● What is needed:
Would it be possible to output exactly, and only, the lines below from the one holding "A CANON AE-1" to the last line, both included, with every picture left out?

● Data extract:
[Start of section]
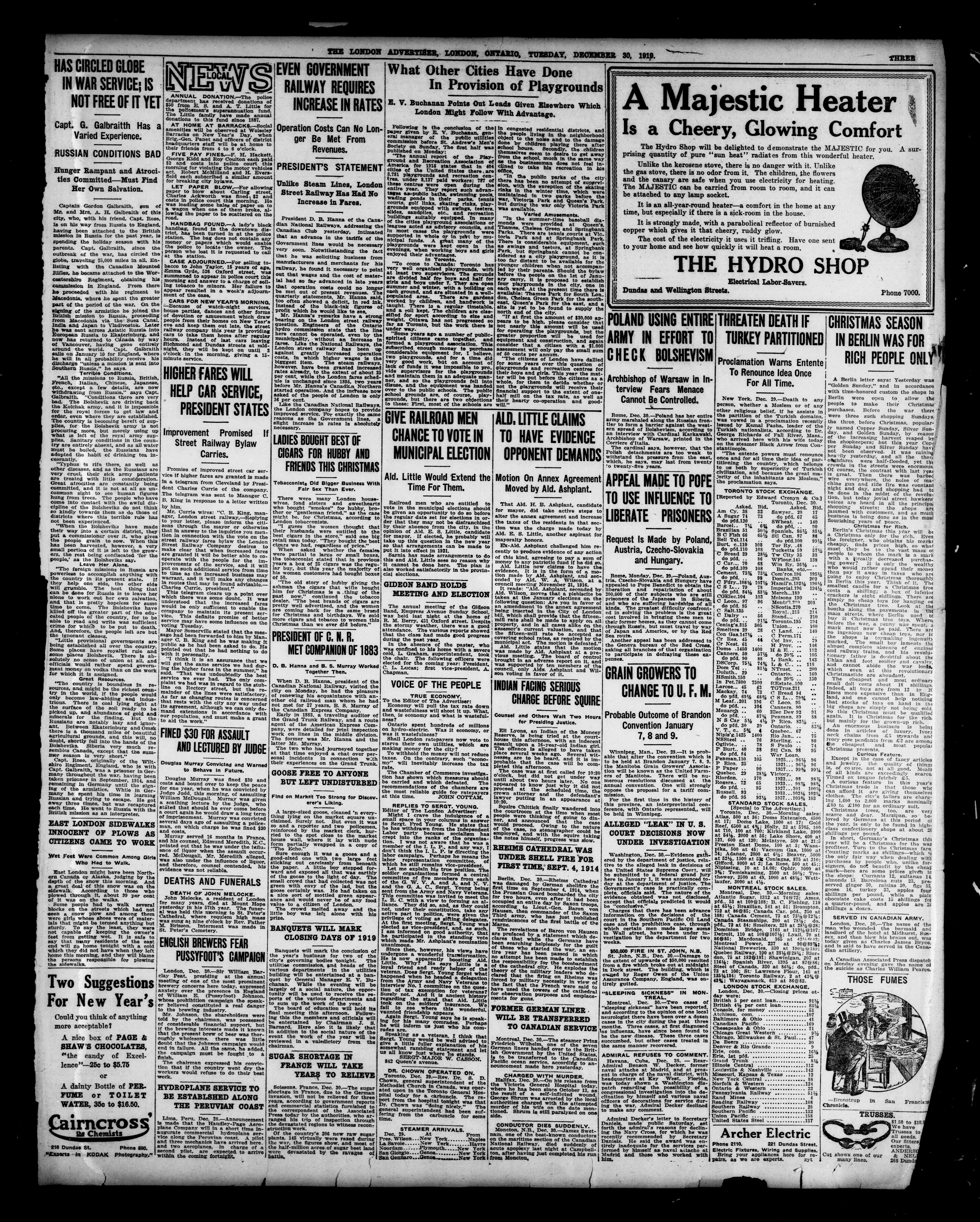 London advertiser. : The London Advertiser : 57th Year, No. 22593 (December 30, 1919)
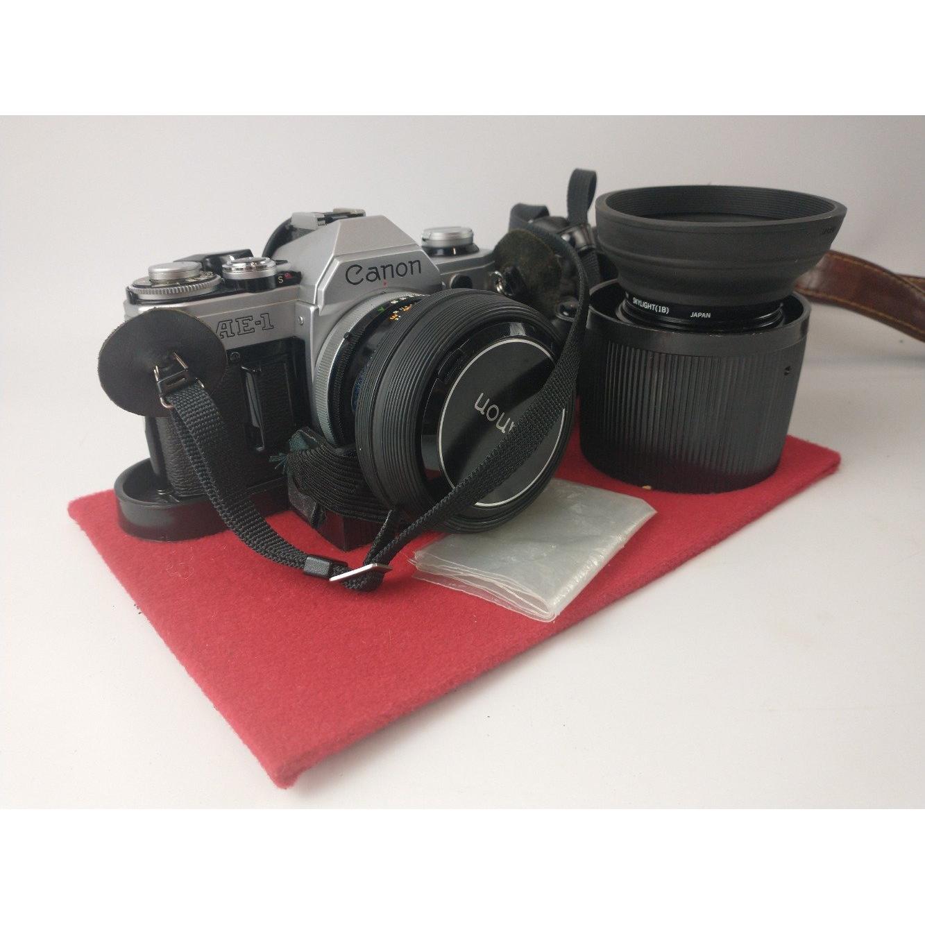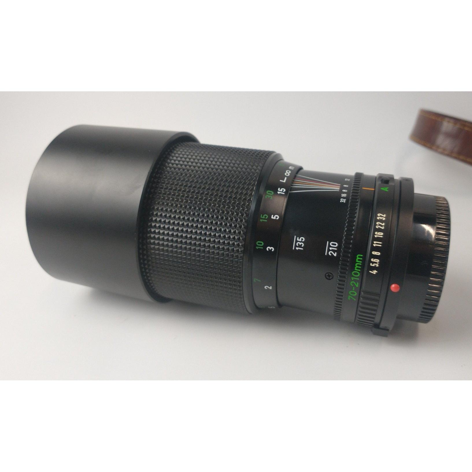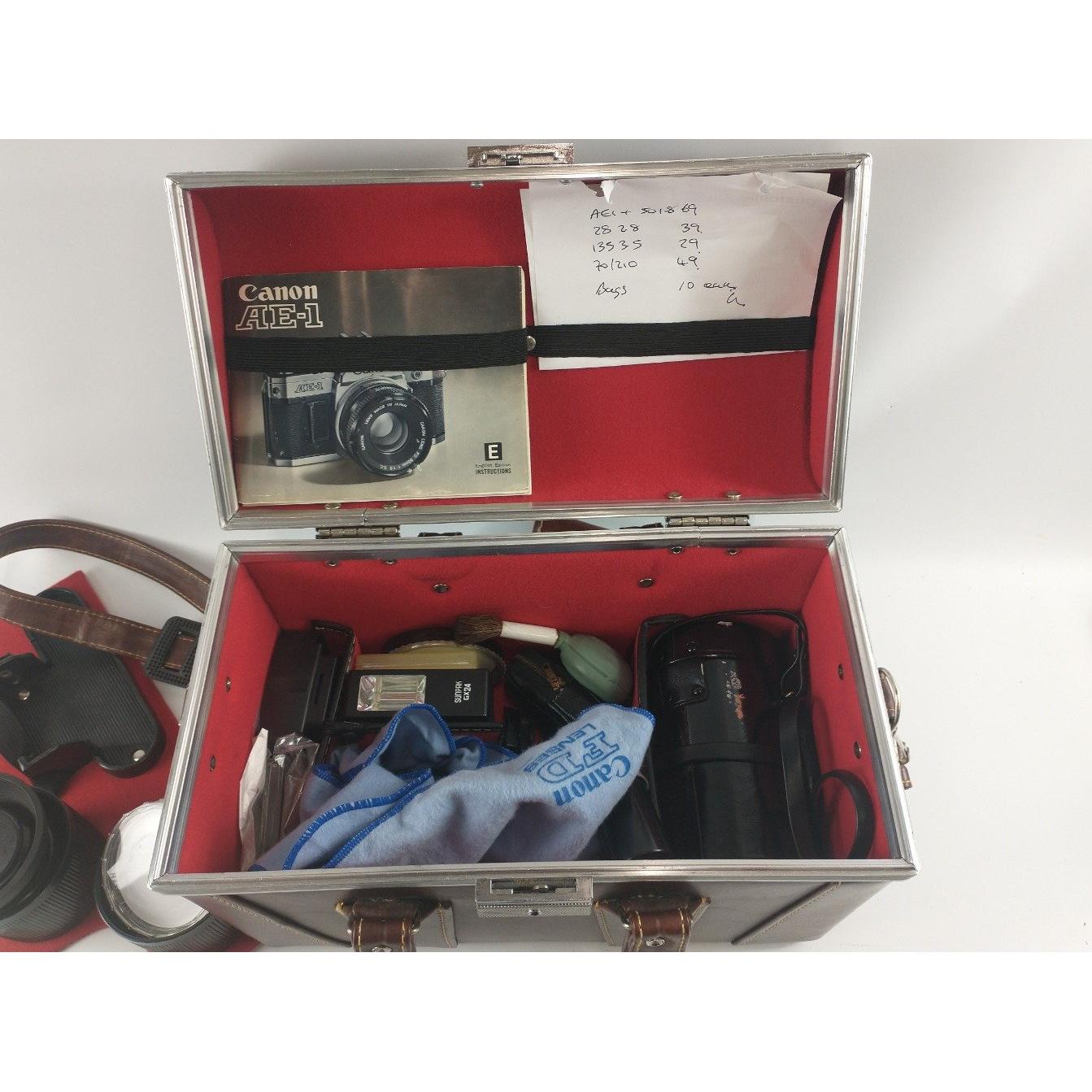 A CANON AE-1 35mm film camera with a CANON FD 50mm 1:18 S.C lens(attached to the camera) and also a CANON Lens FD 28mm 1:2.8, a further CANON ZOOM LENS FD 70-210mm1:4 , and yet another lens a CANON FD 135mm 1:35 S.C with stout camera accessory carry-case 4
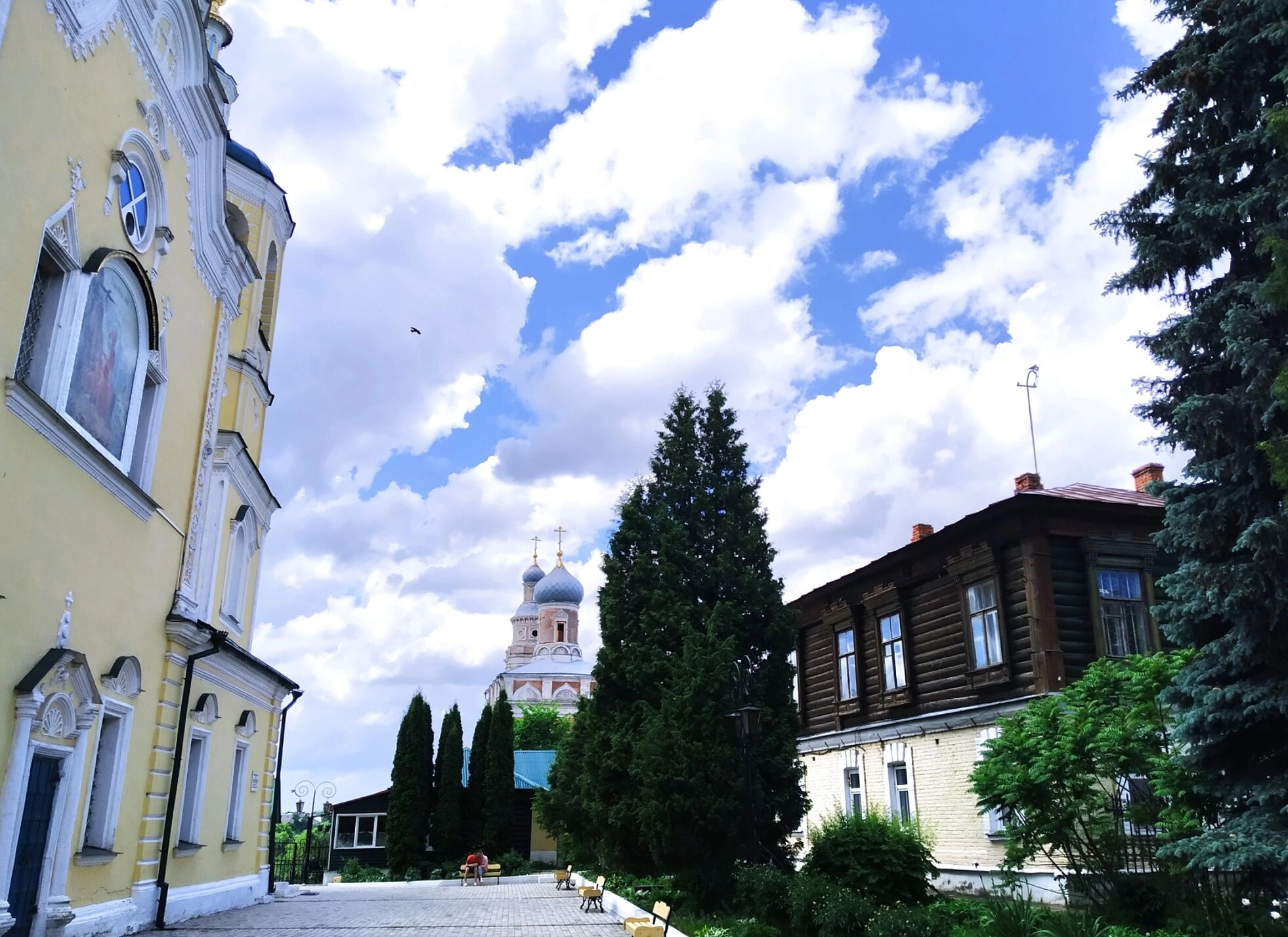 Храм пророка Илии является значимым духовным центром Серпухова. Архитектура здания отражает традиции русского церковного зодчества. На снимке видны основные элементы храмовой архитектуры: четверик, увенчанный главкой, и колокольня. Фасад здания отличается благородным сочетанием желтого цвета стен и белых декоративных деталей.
[End of section]
● Written solution:
 A CANON AE-1 35mm film camera with a CANON FD 50mm 1:18 S.C lens(attached to the camera) and also a CANON Lens FD 28mm 1:2.8, a further CANON ZOOM LENS FD 70-210mm1:4 , and yet another lens a CANON FD 135mm 1:35 S.C with stout camera accessory carry-case 4
 Храм пророка Илии является значимым духовным центром Серпухова. Архитектура здания отражает традиции русского церковного зодчества. На снимке видны основные элементы храмовой архитектуры: четверик, увенчанный главкой, и колокольня. Фасад здания отличается благородным сочетанием желтого цвета стен и белых декоративных деталей.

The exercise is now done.